Mauritius, an Indian Ocean island nation that sells 60.7 percent of its exports to Europe, underscores the global impact of the euro-area crisis. With the rupee gaining against the euro, exports become less competitive, and the impact ripples through to domestic consumption. Statistics Mauritius forecast imports of 165 billion rupees this year, down from an initial outlook of 172 billion rupees.
The data “doesn’t look good,” Renganaden Padayachy, an economist at the country’s Chamber of Commerce and Industry, said in a telephone interview today. “We need to regain competitiveness for our exports.”
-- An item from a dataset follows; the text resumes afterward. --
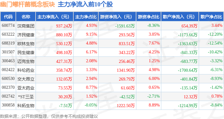 从资金流向上来看,当日幽门螺杆菌概念板块主力资金净流出4.36亿元,游资资金净流入9191.42万元,散户资金净流入3.44亿元。幽门螺杆菌概念板块个股资金流向见下表:
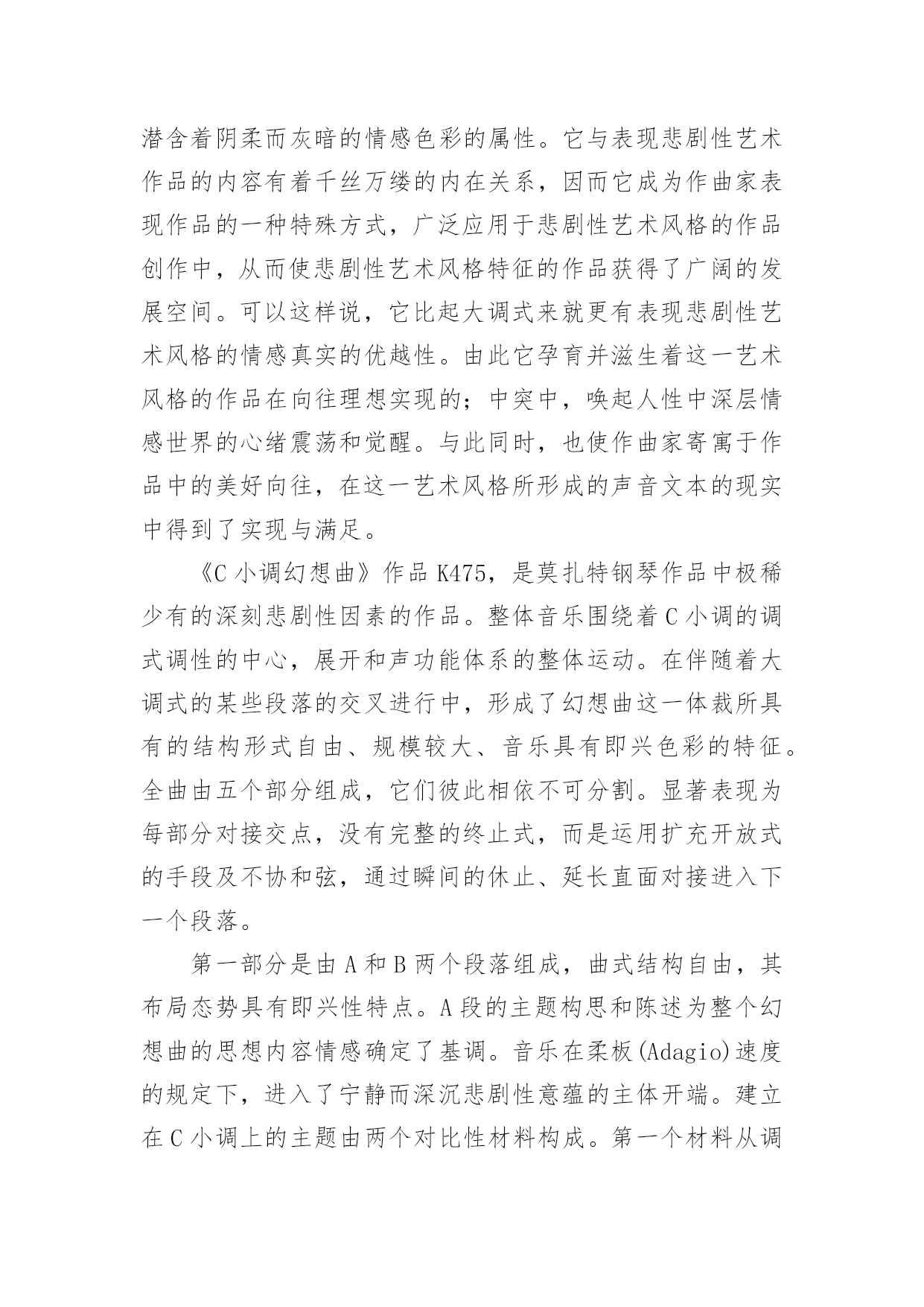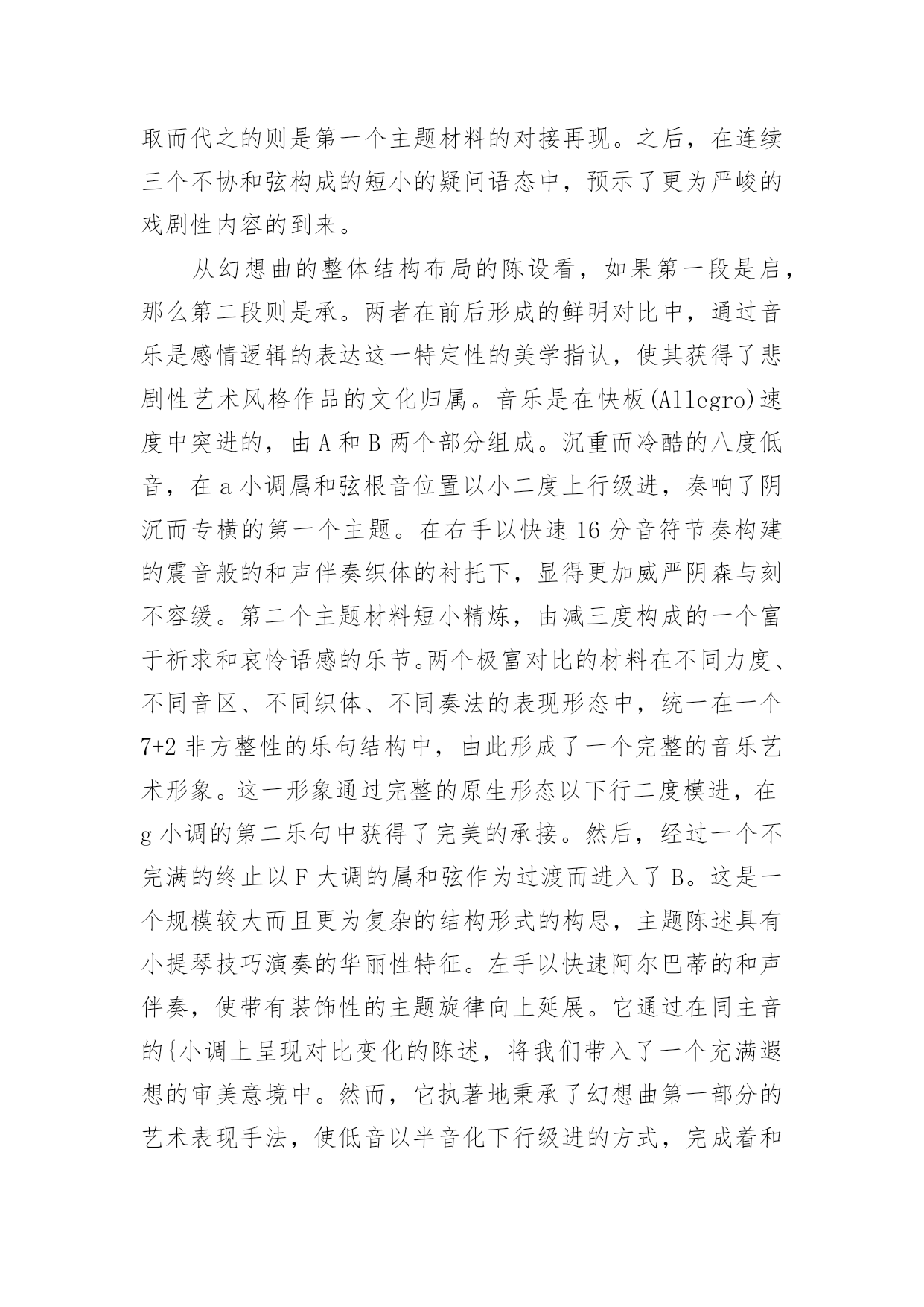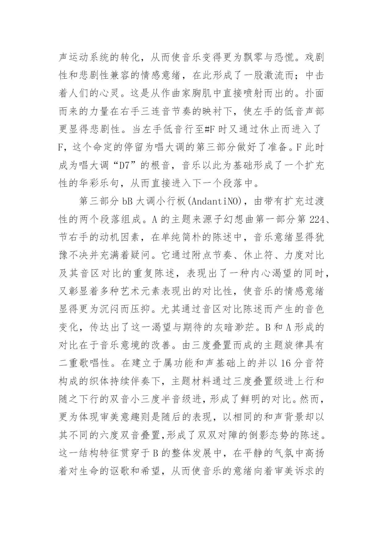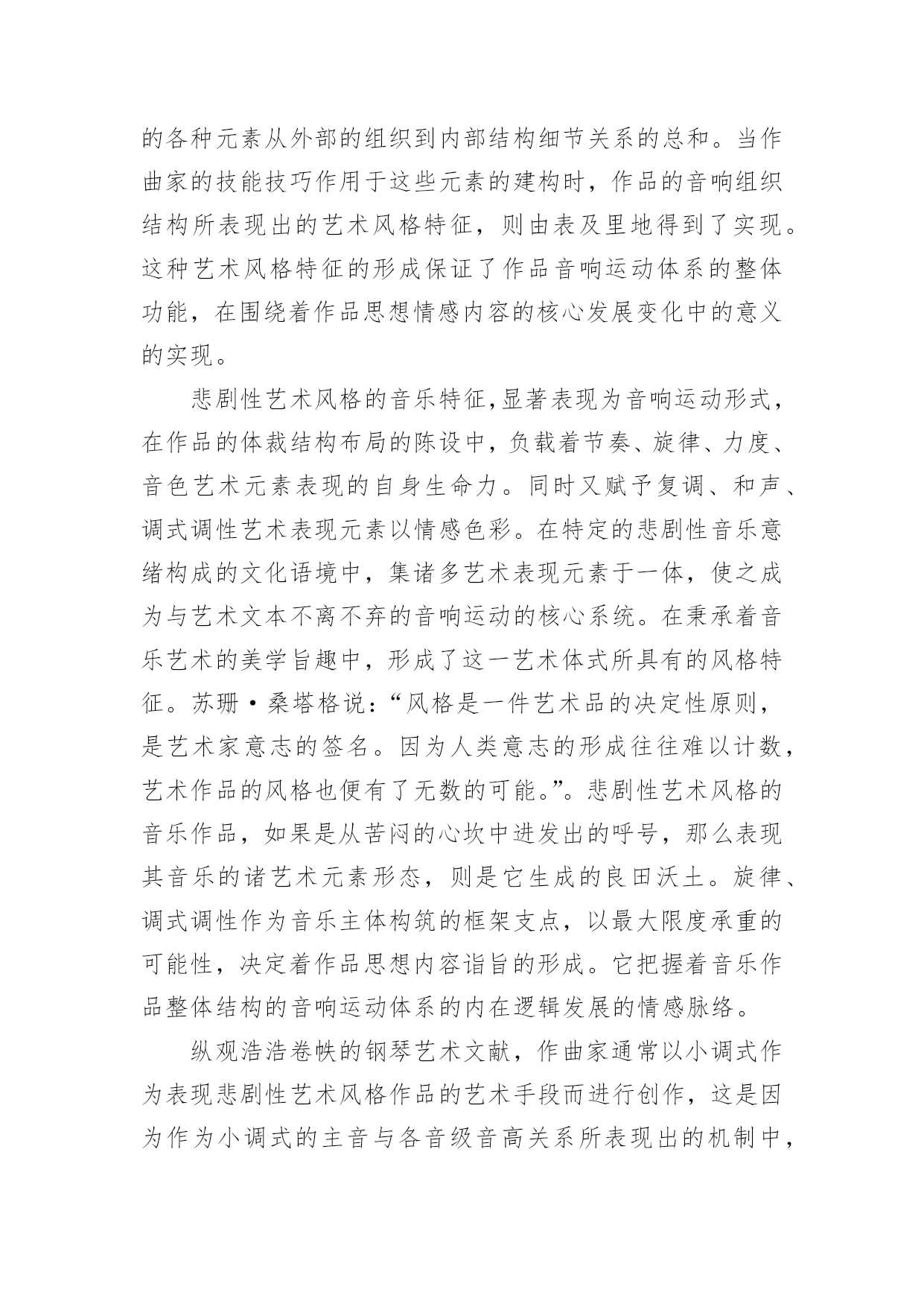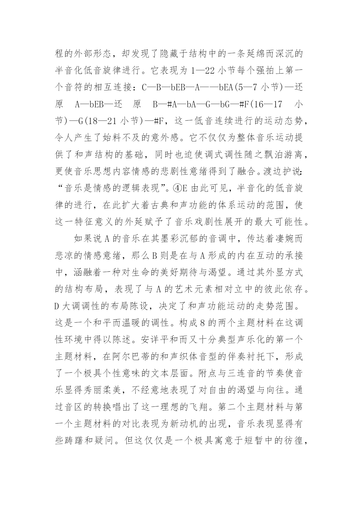 对悲剧性艺术风格作品的演绎探寻艺术论文对悲剧性艺术风格作品的演绎探寻艺术论文悲剧性艺术风格的作品,是音乐艺术文化整体形态中的一种特殊的艺术现象,是人类精神文化事象及人类心灵情感生活,在音乐艺术文化领域中的具体反映。从文化历史的深层背景看,它应归属悲剧文化这一庞大的艺术范畴,是人类精神文化在历史的沿袭与传承的深厚积淀中,所衍生出的一种必然形式。如果以一元探求悲剧文化现象的客观存在,那么,我们所获得的却是这一文化现象存在的多元形态的表现。它表现为:宗教领域中的献祭牺牲;艺术领域里的歌诵乐舞;文学领域中的诗文和剧本等。在这种多元形态并存的文化艺术范畴中,显而易见,唯有文学与戏剧可以得天独厚地凭借语言文字这一媒质材料,完成悲剧文化艺术作品的创作活动。通过对人物艺术形象及其事件整体细节的描述,表现人类与自然搏斗、与生命周旋、与邪恶较量中情感震撼的生动具象,从而形成精神外化形态的艺术文本。然而,由于音乐艺术自身规律与特性使然,它不可与文学、戏剧的表现形态趋同。因此,其艺术创作活动深处于这一共同文化归属的范畴中,凭借声音作为媒质的物质材料,通过作曲家在主观性融入可听的材料客观性之中,完成着多种音乐艺术表现元素的理性而富有逻辑的音响形态的组织结构。使艺术元素在披上悲剧性情感色彩外衣的同时,栖息于音乐艺术文本思想内容情感所规定的生存环境中。由此而形成了表现这一艺术体式所具有的高度哲学涵盖力的声音艺术文本。由此可见,音乐作为听觉的艺术,通过音响在时间中层开和在空间中传播这一特殊方式的指认,不难表现出个人与民族生存状态中的内心异质的突变,以及生命过程中的不幸、苦难、毁灭的悲剧性情感体验。文以载道,声亦以载道。尽管各门艺术的自身特点和表现方式手段存在着差异,但是,在悲剧文化所属的艺术范畴中,艺术家们严肃的艺术生产活动却殊途同归。在各自的艺术文本中负载着悲剧文化特征所具有的启示性力量,同时构建着以灵魂震撼和精神洗涤为总体氛围的人类精神文化的艺术传递的总体工程。如果说悲剧性的艺术作品,是人类艺术创造活动中最具魅力的部类之一,那么,不死的音乐之神则在这片广袤而深厚的土坏中撇下了不灭的火种。席勒认为:“表现痛苦,从来就不是艺术的目的,但是作为达到艺术目的的手段,这种表现是极其重要的。”、对悲剧性艺术风格作品的演绎,极为重要的是首先将其置身于深刻的历史文化的背景中。将作品还原于生成的特定历史环境,复苏其真实的艺术面貌及原生的生命活力。在艺术分析的原理指导下,以音乐的基本理论为依据,进行从一般到个别的分析研究。通过对艺术作品的表层指认,敏锐地认识艺术作品内容本质的深层界定,从而确定作品内在本质的艺术元点问题。在特定文化的大背景笼罩下,将艺术作品原范畴所限定的时空与艺术规律超越时空的限定,达到高度而辩证的统一,从而在悲剧性艺术风格作品的旨趣和具体审美诉求的指向中,完成艺术作品整体内容的深刻诠释及其演绎。从悲剧性艺术风格作品的生成不可脱离与人类生存处境有密切关系这一特定背景指认来看,任何一部悲剧性艺术风格的作品,无一不是伴随着作曲家的人生苦旅:台炼而成的。它表现着个人与民族生存状态从内涵到形态上的一种自觉和清醒。在文明之源的根本动力的驱使下,通过对生命、社会及宇宙的不断探索,将生存的美好理想和严峻的生活现实造成的必然反差,运用凸显艺术张力的戏剧性体裁与结构,挖掘调动并利用音乐表现元素的内在潜质,通过音响的传播而折射出人生境遇中所面临的灾难、困苦及和死亡相关的情感体验,从而使这一体式的音乐艺术作品,雅正而崇高地层现在特定的历史时空中。肌入其理,洞悉其因。任何一部作品的创作,都要经历着由作品特定思想内容所需要的各种音乐表现元素形态的组织结构。这是一种高层次、高强度、高密度的逻辑思维的活动过程。作品的主体生成在这不可或缺的前提条件下,实现着作曲家的艺术理想,从而完成着艺术作品所属文化规定的具体要求,将艺术作品生成的理想可能性,推向其所属文化历史环境的现实性之中。音乐可以揭示一个世界,而音乐艺术作品的思想内容意义却又赋予音乐以形式。形式是音乐整体表现所构筑的外部形态结构的壁垒。它凝聚着构成音乐的各种元素从外部的组织到内部结构细节关系的总和。当作曲家的技能技巧作用于这些元素的建构时,作品的音响组织结构所表现出的艺术风格特征,则由表及里地得到了实现。这种艺术风格特征的形成保证了作品音响运动体系的整体功能,在围绕着作品思想情感内容的核心发展变化中的意义的实现。悲剧性艺术风格的音乐特征,显著表现为音响运动形式,在作品的体裁结构布局的陈设中,负载着节奏、旋律、力度、音色艺术元素表现的自身生命力。同时又赋予复调、和声、调式调性艺术表现元素以情感色彩。在特定的悲剧性音乐意绪构成的文化语境中,集诸多艺术表现元素于一体,使之成为与艺术文本不离不弃的音响运动的核心系统。在秉承着音乐艺术的美

The rupee weakened 1.5 percent in the first quarter against the euro, which makes up about 41 percent of the country’s foreign-currency income, according to the Bank of Mauritius.
“Our rupee is still overvalued,” Padayachy said. “The cut in the benchmark interest rate hasn’t had the required impact on the rupee.” Mauritius’s central bank cut the benchmark interest rate by 0.5 percent to 4.9 percent on March 19.
South Africa is the island nation’s largest regional trading partner, with exports to Africa’s largest economy rising 33 percent to 1.43 billion rupees. Mauritius, with a population of about 1.3 million, is a net buyer of fuels and food, with India the largest supplier at 25 percent of the total, the data agency said.
Maritius does have “some resilience through diversification,” Padayachy said.